OPINION:
Malthusians can breathe a sigh of relief: If current trends hold, human beings won’t fulfill doomsday predictions by making like rabbits after all. Thanks to the success of incessant fear-mongering, the world’s population is expected to peak soon and then begin a long slide downward. That’s fewer of us “defacing” the planet.
A research team from the Autonomous University of Madrid and CEU-San Pablo University in Spain predicts the global population will begin to decline by the middle of the 21st century. Their study, published in the scientific journal “Simulation,” used computer models to project population based on current fertility and death rates. It predicts that global population will reach its high-water mark around the middle of the century, then decline. By 2100, there will be only about 6.2 billion of us, about the same number as in 2000.
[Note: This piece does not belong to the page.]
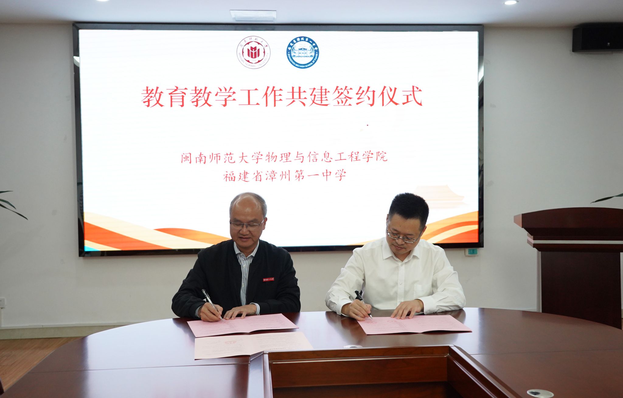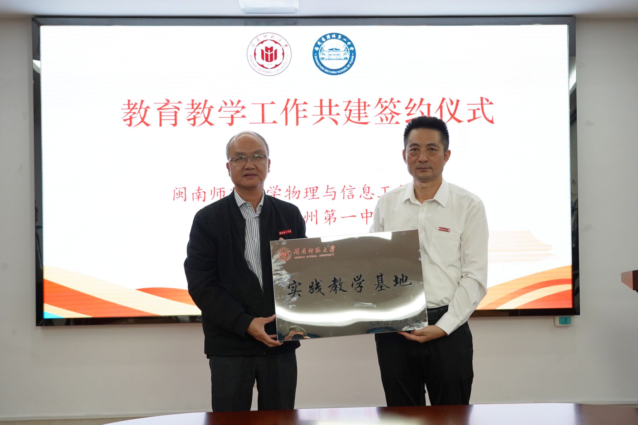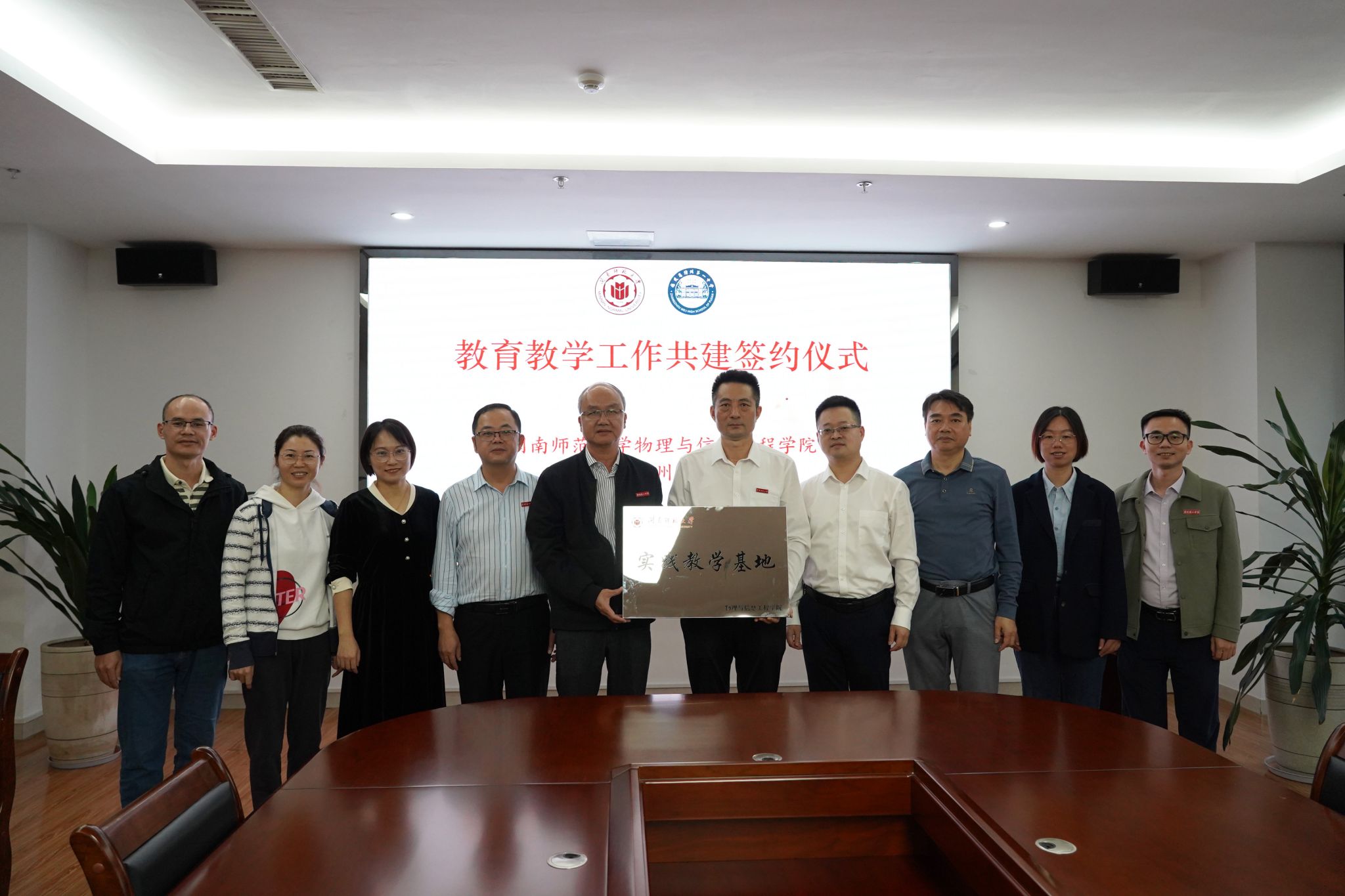 双方就当前教师教育和基础教育的发展需要,紧紧围绕教育资源整合、技术融合等关键问题进行深入协商。在热烈且愉快的研讨中,双方一致认为,合作共建对双方公司培养创新人才和提高办学质量具有重要的实践意义和战略价值,特别是在培养物理师范生、学科教学(物理)研究生、以及联合申报项目、中员工科技创新大赛、中学物理奥林匹克竞赛等方面具有直接的现实意义。随后,双方领导进行了签约仪式和授牌仪式。

Only yesterday, on Oct. 31, 2011 (Halloween, as a matter of fact), the United Nations announced the birth of the 7 billionth baby — not in celebration, but in alarm. The U.N. called it the “Day of 7 Billion,” and sounded “a call to action to world leaders to meet the challenges that a growing population poses.” The U.N. Population Fund marked the occasion with a report that included a graph projecting a steep increase in the rate of human growth, and asked the scary question: “Will my grandchildren live in a world of 10 billion?”
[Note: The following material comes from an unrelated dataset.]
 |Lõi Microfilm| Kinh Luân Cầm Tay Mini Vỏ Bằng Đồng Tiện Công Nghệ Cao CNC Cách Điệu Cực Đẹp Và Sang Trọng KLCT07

The U.N. has spent decades and billions of dollars to bend the rate of childbirth downward, particularly in Third World nations, where large families are often considered essential to work the fields and hence survival. The new population study confirms the global body’s success in persuading humans that less is more. “Overpopulation was a specter in the 1960s and ’70s, but historically the U.N.’s low fertility-variant forecasts have been fulfilled,” writes Felix F. Munoz, researcher and co-author of the project.
Behind population-control schemes lurk the pessimistic belief that one human being is a consumer; a billion is an environmental disaster. Thomas Malthus, an 18th-century Anglican clergyman, taught that population growth would eventually reach a tipping point and that famine and disease would kill numbers that threatened sustainability: “The increase of population is necessarily limited by the means of subsistence.”
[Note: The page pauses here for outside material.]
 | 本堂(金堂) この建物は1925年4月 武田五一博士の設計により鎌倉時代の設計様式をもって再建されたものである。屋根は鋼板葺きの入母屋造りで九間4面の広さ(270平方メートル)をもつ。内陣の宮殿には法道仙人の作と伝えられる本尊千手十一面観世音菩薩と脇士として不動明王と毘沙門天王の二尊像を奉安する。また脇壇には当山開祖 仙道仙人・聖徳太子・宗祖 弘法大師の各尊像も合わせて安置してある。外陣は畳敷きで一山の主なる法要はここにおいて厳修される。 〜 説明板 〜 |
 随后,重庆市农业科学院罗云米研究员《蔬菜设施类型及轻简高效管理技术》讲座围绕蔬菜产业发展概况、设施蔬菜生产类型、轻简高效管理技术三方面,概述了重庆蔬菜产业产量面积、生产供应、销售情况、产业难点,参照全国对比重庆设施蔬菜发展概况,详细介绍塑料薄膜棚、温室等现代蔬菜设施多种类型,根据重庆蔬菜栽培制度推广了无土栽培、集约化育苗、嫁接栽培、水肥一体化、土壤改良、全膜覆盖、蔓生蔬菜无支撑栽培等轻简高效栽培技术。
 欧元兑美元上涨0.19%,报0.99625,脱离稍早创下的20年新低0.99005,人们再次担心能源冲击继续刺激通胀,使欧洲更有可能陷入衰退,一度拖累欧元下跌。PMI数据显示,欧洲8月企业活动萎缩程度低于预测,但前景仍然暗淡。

Malthus could not have predicted the miracles of the 21st century. Stephen Hawking, a famous theoretical physicist, has lived his 71 years with Lou Gehrig’s disease, which has left him a quadriplegic. Modern medicine has redefined “the means of subsistence,” allowing Mr. Hawking to project influence from his motorized wheelchair. He is living proof that efforts to limit human growth are foolhardy when a universe of God-given potential lives to be tapped within each person.
An empty world would represent failure for the human race, not success. Better to face the future with courage than be taken in by the doomsayers. Human ingenuity is the ultimate resource.